Numbers on second-hand and sustainability
Producing new clothes requires huge amounts of resources both human and natural, as I touched on in previous blog posts. On the other hand, secondhand clothes have already been produced and extending their life reduces their impact on the environment.
Fashion Revolution calculated that doubling the useful life of clothing from one to two years reduces emissions over the year by 24%! This obviously also means that re-wearing your clothes is the most sustainable option before you go out and buy new ones, but if you do need something you don’t already own, chances are that you can find it on the preloved section on the Renoon app, that combines what’s out there from multiple websites at once!
Re-wearing is so important if we consider that we buy 60% more clothes than we did 15 years ago and only keep them for half as long! (Fashion Revolution) With the pace of the industry constantly increasing, to the point where around 150 billion garments are produced annually (Sustainable Apparel Materials 2015), clothes we bought just 6 months ago can start to feel old as new styles are rapidly introduced.
Where to get started on second hand
Have you ever rummaged through your mum or grandma’s wardrobe to discover that the now very trendy bell bottom trousers were also popular back then? If not, what are you waiting for? Trends are circular, nothing you see on shelves today is really new, a lot of it is actually inspired by looks of the past!
This is why I absolutely love shopping secondhand, you can find a lot of gems that resemble current trends but are likely to be made with better, more durable, quality materials! Clothes in the past were more expensive and made to last, unlike the current fast fashion garments which are cheaply made to be constantly replaced.
Secondhand stores store unique quality garments for all pockets!

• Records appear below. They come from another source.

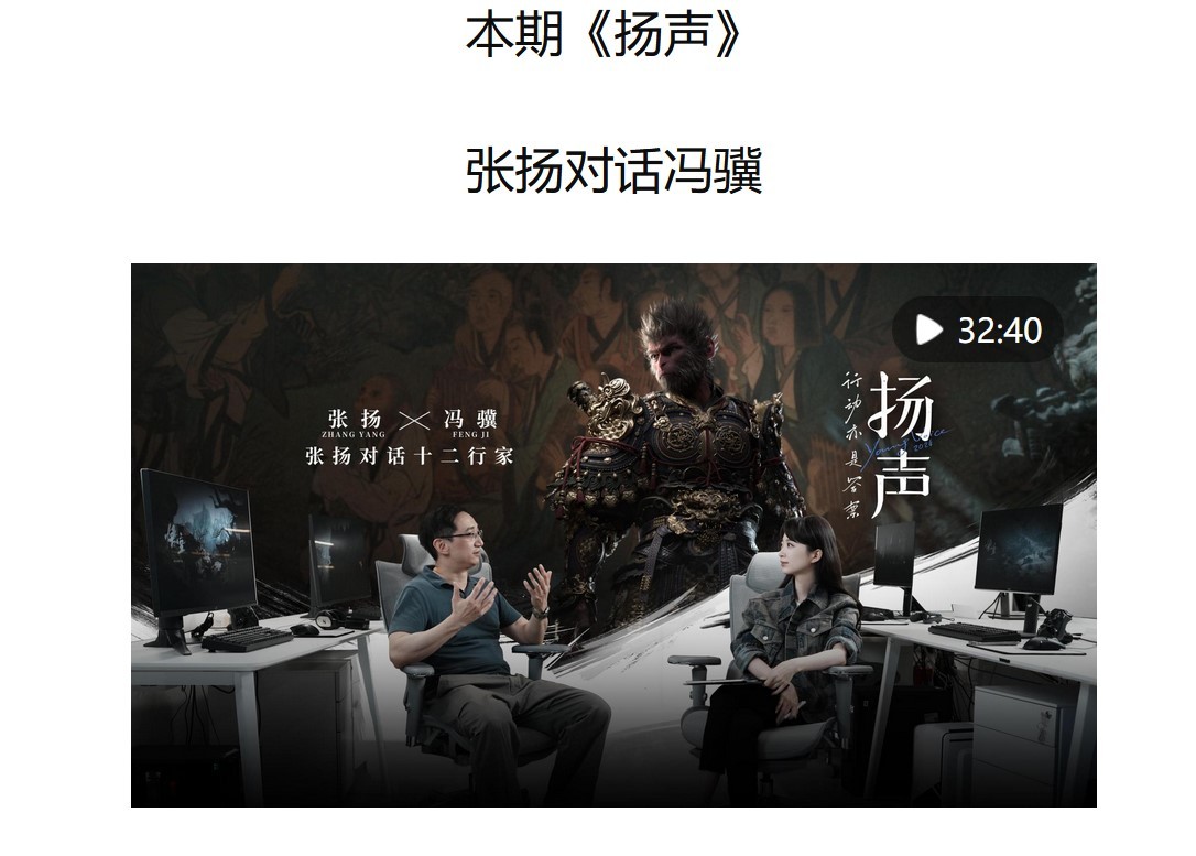 《黑神話:悟空》訪談片【揚聲】(時長32:40),《黑神話:悟空》製作人馮驥及主創團隊成員,接受了新華社記者張揚的獨家專訪。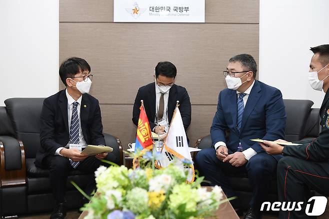 (서울=뉴스1) = 박재민 국방부 차관이 20일 ‘서울 국제 항공우주 및 방위산업전시회 2021’ 참석을 위해 방한한 바야르마그내 바추흐(Bayarmagnai Batsukh) 몽골 국방차관과 양자회담을 개최하고, 양국 간 국방교류협력 및 방산협력 현안에 대해 논의하고 있다. (국방부 제공) 2021.10.20/뉴스1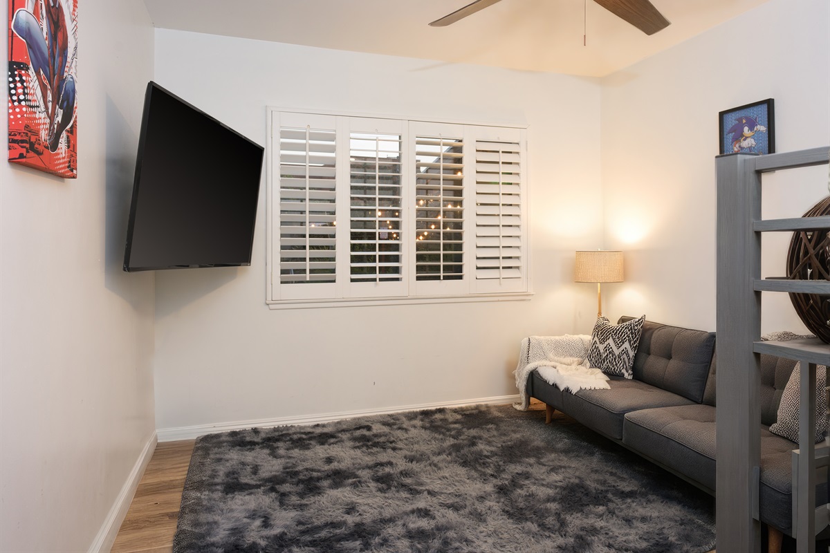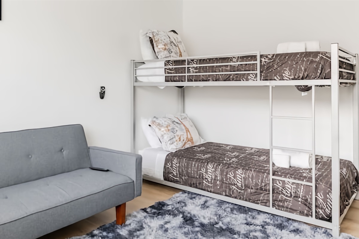 • Bedroom 3 — Twin-over-twin bunk beds with TV and toys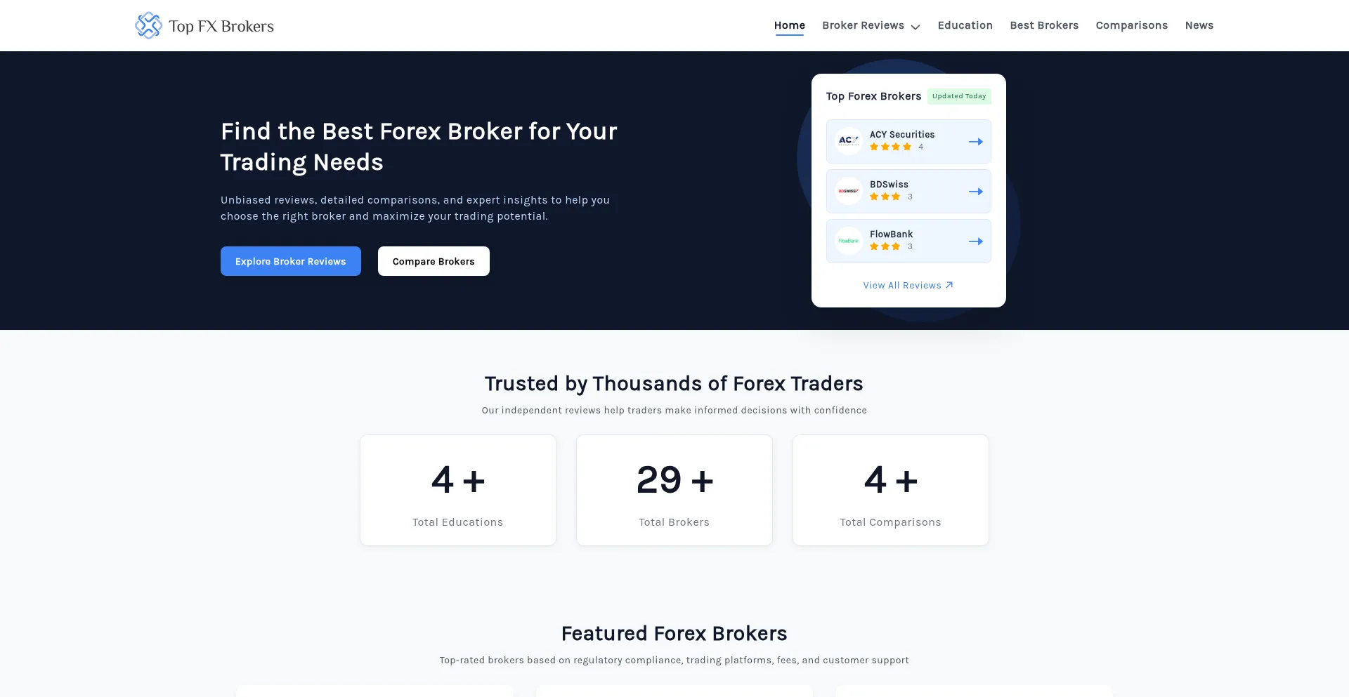 Looking for the top forex brokers in 2025? TopFXBrokers offers unbiased reviews, expert comparisons, and rankings to help traders make informed choices
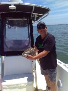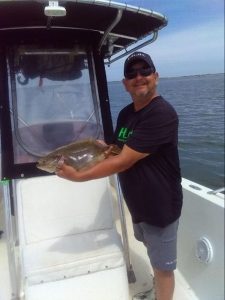 I met this guy at Sunset Marina while weighing our fish for the Small Boat Tournament where he showed me this nice keeper flounder in the Thorofare. His brother also caught a keeper fish of 20″. I’m not sure of his name, but I told him to text me his details and I’d put him in the fishing report. I never got the text, but I’m a man of my word….so here you go, “guy I met at Sunset Marina with the flounder.”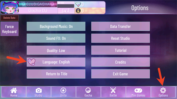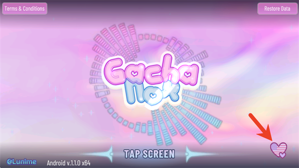 1、在游戏启动界面,点击右下角的心形图标进入设置区域。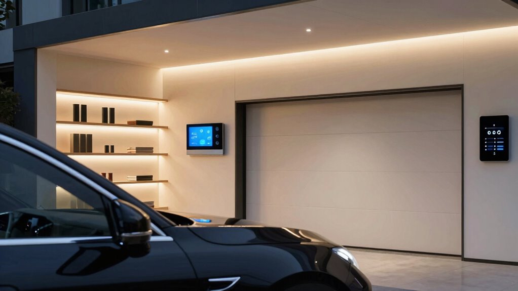 Automating your garage lighting enhances both convenience and security by ensuring the space is well-lit whenever you need it. You can set up smart garage lighting to turn on automatically when you approach, using motion sensors or security sensors. These sensors detect movement or activity, triggering the lights to activate instantly. This not only makes it easier to find your way in the dark but also deters intruders by keeping the area illuminated. You can customize the lighting schedule or set it to respond to specific triggers, like opening the garage door. With automation, your garage stays brightly lit during evening hours without manual effort, creating a safer environment and providing peace of mind. Incorporating lighting automation into your backyard transformation can seamlessly blend security and aesthetics for a more functional outdoor space. Additionally, selecting appropriate sensors ensures reliable activation and energy efficiency. As security systems are proven to deter potential burglars, integrating these systems with your garage automation can further enhance overall home safety and deterrence of criminal activity. Incorporating local automation can also help you manage your system more efficiently and maintain privacy in your smart home setup.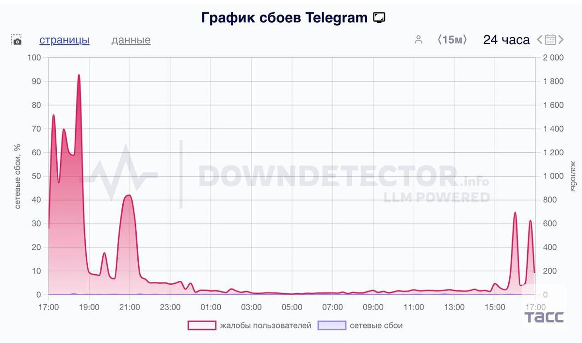 Российские пользователи Telegram сообщали о сбоях в работе мессенджера, свидетельствуют данные сервиса Downdetector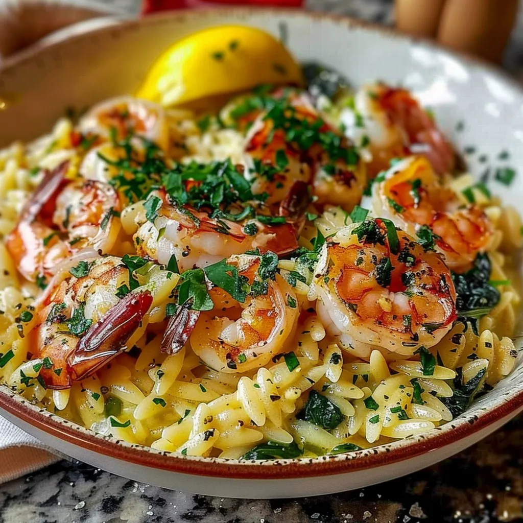 Savor a creamy lemon garlic shrimp orzo dish thats perfect for dinner Quick easy and bursting with flavor for a delightful meal experience

If charity shops aren’t your thing, try looking for consignment stores or vintage stores which are usually more expensive but sell more high end, luxury items in great conditions.
Keeping clothes alive
As we currently produce and consume so many garments, you’re probably wondering, where do they all end up? Aside from our crowded closets filled with impulse purchases we regret, a great deal of clothes are landfilled. In the UK, an estimated 300,000 tones of clothes, worth around £140 million, are thrown away and go to landfills every year (Wrap, 2017). This goes to show that by wasting garments, we are wasting value and all the precious resources that went into the making of those garments. Aside from re-wearing, restyling and repurposing our existing clothes, we can lessen this waste by giving another life to someone else’s clothes.
Diverting clothes from landfill is so important as garments in landfill release harmful substances and especially synthetics take around 500 years to decompose. We need to buy and dispose of items more mindfully.